It commonly appears on the Diplomatic Service and Overseas list but can also be given to Britons based abroad or in an honorary capacity to foreign nationals.
On Thursday, it was announced that “the queen has been graciously pleased to approve the following honorary British awards in 2014”.
Ratan Tata was given the honour for his “services to UK/India relations, inward investment to the UK and philanthropy”.
Ratan Tata successfully guided one of India’s oldest business empires through rough seas.
Under the leadership of Ratan Tata, the group’s revenues grew to around Rs 475,721 crore in 2011-12 from Rs 10,000 crore in 1991. He retired on December 2012, after a 50-year run at the helm. Cyrus Mistry took over as the new chairman.
The Tata group is highly popular in UK. Iconic British car brands Jaguar and Land Rover became part of the Tata group in 2008. The company employs over 16,000 people at its manufacturing facilities in the UK, including 3,500 engineers at its two product development centres.

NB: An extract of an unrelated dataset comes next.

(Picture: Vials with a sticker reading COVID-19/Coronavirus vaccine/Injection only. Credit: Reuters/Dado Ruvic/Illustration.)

Around 78% of Land Rovers are exported to 169 countries, while Jaguar exports 70% of its products to 63 countries around the world.

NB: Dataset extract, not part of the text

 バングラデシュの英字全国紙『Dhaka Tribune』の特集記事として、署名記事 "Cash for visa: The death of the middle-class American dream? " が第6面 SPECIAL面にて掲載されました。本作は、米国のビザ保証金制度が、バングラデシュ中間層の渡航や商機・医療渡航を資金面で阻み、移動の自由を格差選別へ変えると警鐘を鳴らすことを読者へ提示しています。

Tata Limited was established in London in 1907 to be Tata group’s representative in Europe
Tata companies have operations and a 60,000-strong workforce spread across Europe
Tata’s association with UK academia also dates back to the establishment of the Sir Ratan Tata Department at the London School of Economics.

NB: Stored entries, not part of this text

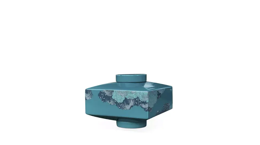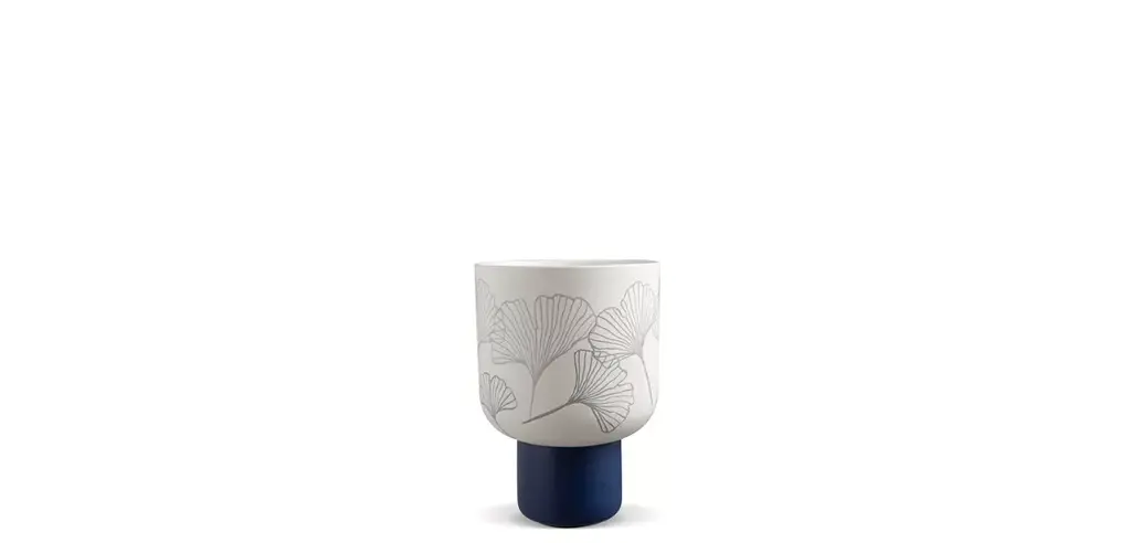 Vase in white clay earthenware, turned, enameled then painted by hand.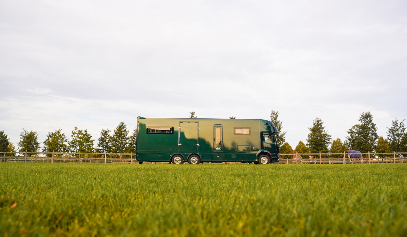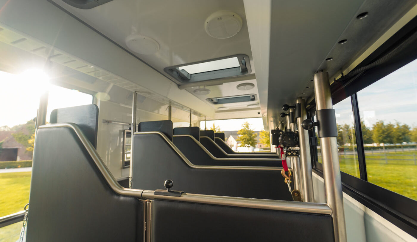 Gummigulv, takvinduer, kjølevifter, overvåkningskamera, justerbare skillevegger, side- og bakrampe, teppestativ, sadelskap, temperaturregistrering, vannslange, vanntank.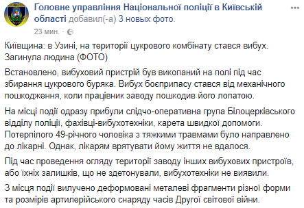 В Узине Киевской области на территории сахарного комбината произошел взрыв. Погиб человек. Об этом в Facebook сообщает полиция Киевской области.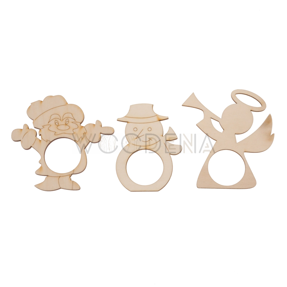 The set of wooden napkin rings consists of three napkin holders in the form of Santa Claus, snowman, and angel. Such a set can be used as an ornament for a flower arrangement or a Christmas tree. The wooden Christmas set is made of high-quality birch plywood, which is resistant to damage. Laser processing allows for a smooth surface, which means that the decoration can be painted in any color and embellished with techniques:

Subsequently called the Department of Social Sciences, it was set up to research the causes of poverty. Its first lecturer, Clement Attlee, went on to become the British prime minister who gave India its independence and also set up the British National Health Service.
Tata has maintained close links with the London School of Economics through a research collaboration with the Tata Institute of Social Sciences.
In 1920, the Department of Engineering at the University of Cambridge moved to its current Trumpington Street site thanks to a donation from Sir Dorabji Tata, an alumnus of the institution.
Tata International Social Entrepreneurship Scheme (ISES) began in 2008 as a two-month social internship programme for international students from the University of California, Berkeley, USA, and the University of Cambridge, UK.
In 2010, the London School of Economics joined hands with Tata ISES to enable its students to be part of the programme. The students are selected for an eight-week summer internship at different Tata community initiatives in India.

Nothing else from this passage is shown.